L’Union européenne finalise notamment un arrêt progressif de ses achats de pétrole et de produits pétroliers à la Russie. Les ministres de l’Énergie des 27 — dont 30% des importations de pétrole viennent de Russie — devaient se retrouver lundi après-midi à Bruxelles pour peaufiner un calendrier.
Un contrat avec le groupe russe Rosatom pour construire un réacteur nucléaire dans le nord de la Finlande a par ailleurs été annulé en raison des «risques» supplémentaires liés à l’invasion russe de l’Ukraine, a annoncé lundi le consortium à majorité finlandaise pilotant le projet.
Estimé à plus de 7,5 milliards d’euros, ce projet de réacteur de 1 200 mégawatts, situé à Pyhajöki, remonte à 2010 et avait déjà souffert de nombreux retards et d’incertitudes.
Les Européens espèrent aussi plaider pour une aide à l’Ukraine avec le premier ministre indien, Narendra Modi, qui entame lundi en Allemagne une tournée de trois jours en Europe.
L’Inde cherche un équilibre difficile entre ses relations avec l’Occident et celles avec la Russie, un de ses grands fournisseurs en armes et en énergie.

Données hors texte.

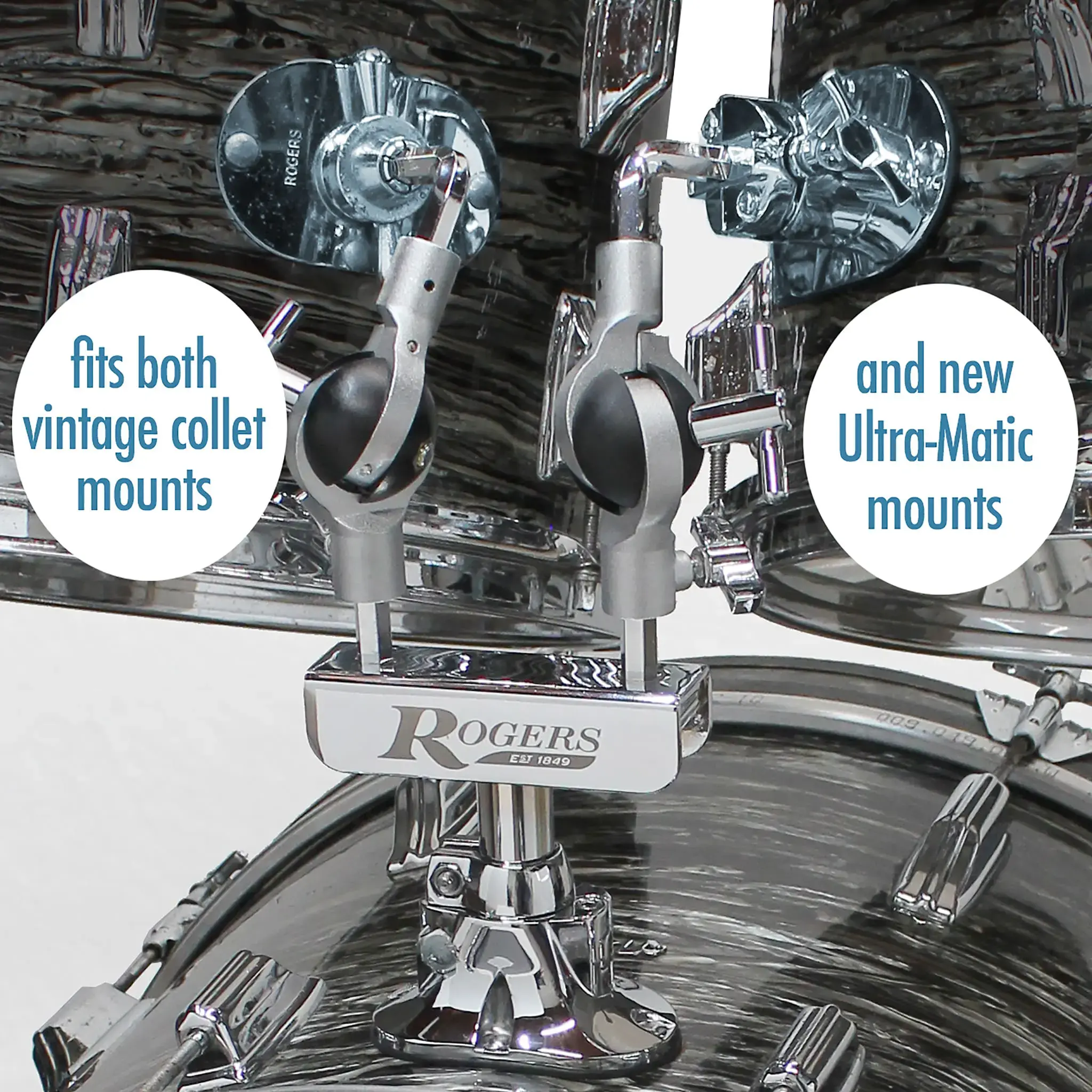 The Ultra-Matic Double Tom Mount is designed to be used with the Rogers RDH3249-BD, 7/8 inch Bass Drum Mounting bracket for precise mounting to a bass drum. As an original equipment upgrade, the mounting plate dimensions of the RDH3249-BD is the identical to most original Rogers, oval plate bass drum mounts (366 “Londoner” Double Tom Holder or 365R “TopHat” Twin Tom Holder). Also, the 3/8 inch hex tom arms are Rogers standard, and will mount to vintage collet tom brackets, as well as current Rogers tom mounting brackets.
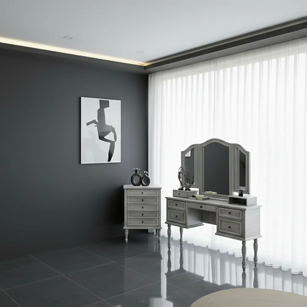 سرویس خواب دو نفره لادن از نظر طراحی ظاهری دارای خطوط متعادل و فرم منظم است که باعث میشود در دکوراسیونهای کلاسیک و نیمهمدرن به خوبی هماهنگ شود. تاج تخت با ساختاری مستحکم طراحی شده و در کنار رنگ پتینه خش جلوهای متفاوت ایجاد میکند. عرض 160 سانتیمتری تخت فضای خواب استانداردی فراهم میکند و در عین حال برای اتاقهای متوسط نیز مناسب است. میزآرایش با طول 140 سانتیمتر فضای کافی برای قرار دادن لوازم شخصی دارد و فایل با ارتفاع یک متر و پنج کشو امکان نظمدهی بهتر لباسها را فراهم میکند. پاتختیها با عرض 55 و عمق 40 سانتیمتر تکمیلکننده چیدمان منظم اتاق هستند.

Elle s’est abstenue de condamner ouvertement l’invasion russe de l’Ukraine, et de se joindre aux votes en ce sens aux Nations unies.
En bientôt 10 semaines de guerre, plus de 5,4 millions d’Ukrainiens ont quitté leur pays, selon l’ONU, et plus de 7,7 millions ont quitté leur foyer, d’après l’Organisation internationale pour les migrations (OIM).
Mais aucun bilan fiable n’est disponible, notamment du côté des pertes militaires: la Russie avait indiqué le 25 mars que 1 351 militaires russes étaient morts et 3 825 blessés dans le conflit, bilan non actualisé depuis et sous-estimé selon les Occidentaux.
Le président Zelensky avait lui indiqué le 16 avril qu’entre 2 500 et 3 000 militaires ukrainiens avaient péri, et une dizaine de milliers avaient été blessés.